Simply wrapping that with Map and enabling @Accumulate automatically filters out any empty result sets. Using the AdventureWorks database, this returns a single result set with 4 rows:
    EXEC Map
        @StmtTemplate =
            'EXEC sp_msForEachTable "select convert(varchar(128), ''?'') as Name
                where ''?'' like ''%Vendor%'' " ',
        @Accumulate   = 1
To use a stored procedure instead of a SELECT statement, you need to do it a bit differently. Recall that when you enable @Accumulate, Map collects its result sets into a temporary table and then emits the contents of that populated table with a simple SELECT statement at the end, e.g. SELECT * FROM #Map_Temp_Table You may add a filtering predicate to this statement via the @AccumulateFilter parameter.
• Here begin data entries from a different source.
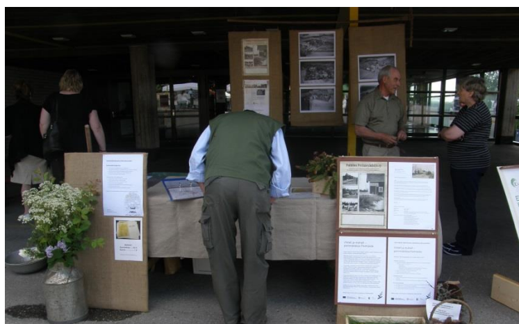
Paimion Perinneyhdistys esitteli hanketta ja keräsi tietoa Viva Vista -tapahtumassa v. 2013.

Sisäinen tiedottaminen hoidettiin sähköpostitse ja puhelimella, samoin yhteydenpito rahoittajatahoon ja yhteistyökumppaneihin.
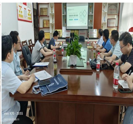
——监测工作组在市二小
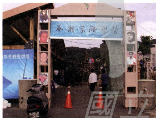
金山國際雕塑營藝術家的工作現場
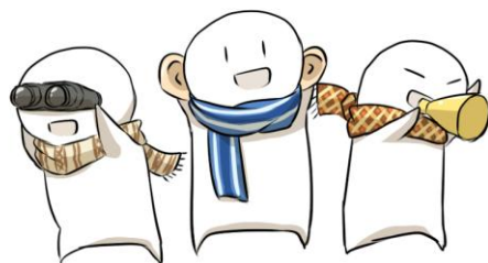
見て 聞いて 話して

さて、今年は申年。「見ざる、聞かざる、言わざる」の三猿が有名ですが、ひとの過ちや欠点・余計なことを見聞きしなかったこととするのが良い、という意味のこの言葉は、日本だけでなく、中国・インド・アメリカ・古くは古代エジプトなど世界中でよく似たものが使われているようです。つい人の過ちや欠点に目が行き、噂をしてトラブルになるなんていうのは古今東西ありがちなかもしれません。これを機会に、言動を見直してみるのもいいでしょう。しかし、必要なことはしっかり「見て、聞いて、話して」ということも大切ですよね。
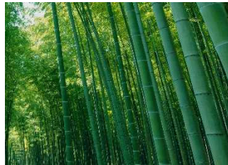
若竹の杜 若山農場 (宝木本町)

As an example, this invocation displays only the non-empty tables returned from sp_spaceused:
    EXEC Map
        @StmtTemplate = "execute sp_spaceused <MAIN_ARG>",
        @MainArray    = 'Users, Permissions',
        @Accumulate   = 1,
        @AccumulateFilter = "rows > 0"

Other Tips

Customization

If for some reason you wish to use a different place holder (whether you do not like angle brackets or do not like the term MAIN_ARG just change the definition of @MAIN_TOKEN.
do a global substitution for 128 in Map.sql to whatever size you need.

Dynamically generate your own SQL statements

Using Map the normal way lets you specify a template with one or two placeholders that you fill in from lists. If you "invert" Map you can even use unlimited place holders. Say, for example, you want to generate a series of CREATE statements to generate indexes based on existing database structures. Here is an interesting query I found (see here) to generate the code to recreate all indexes of a database:
    SELECT 'CREATE ' + CASE IS_UNIQUE WHEN 1 THEN ' UNIQUE' ELSE '' END
        + CASE IS_CLUSTERED WHEN 1 THEN ' CLUSTERED' ELSE '' END
        + ' INDEX [' + INDEX_NAME + '] ON [dbo].[' + TABLE_NAME + ']'
        + ' (' + COLUMN_LIST + ') ON [' + FILE_GROUP + '];' from vAllIndexes
That statement uses 6 fields to build the query. To use it with Map, that statement becomes the @MainArray parameter instead of the @StmtTemplate parameter. Then just set the @StmtTemplate to <MAIN_ARG> as in:
    EXEC Map
        @StmtTemplate = '<MAIN_ARG>',
        @MainArray='SELECT ''CREATE ''
            + CASE IS_UNIQUE WHEN 1 THEN '' UNIQUE'' ELSE '''' END
            + CASE IS_CLUSTERED WHEN 1 THEN '' CLUSTERED'' ELSE '''' END
            + '' INDEX ['' + INDEX_NAME + ''] ON [dbo].['' + TABLE_NAME + '']''
            + '' ('' + COLUMN_LIST + '') ON ['' + FILE_GROUP + ''];'' from vAllIndexes'

Examples

EXAMPLET-SQL
Set seed of TableA to 5010 and seed of TableB to 10100
     Map
         'DBCC checkident(''<MAIN_ARG>'', RESEED, <AUX_ARG>)',
         'TableA,TableB' ,'5010,10100'
Show the number of rows in each specified table
     Map 'select count(*) from <MAIN_ARG>', 'TableA,TableB', null
Select each id from each Table (4 results):
     Map 'SELECT <AUX_ARG> from <MAIN_ARG>', 'TableA,TableB' ,'id1,id2',1
For every customer type, enter a new default record in TableX
     Map 'INSERT INTO TableX VALUES(<MAIN_ARG>, 0, 0)',
         'SELECT Type from CustTypes', null


Some concepts are adapted from Eliminating Cursors.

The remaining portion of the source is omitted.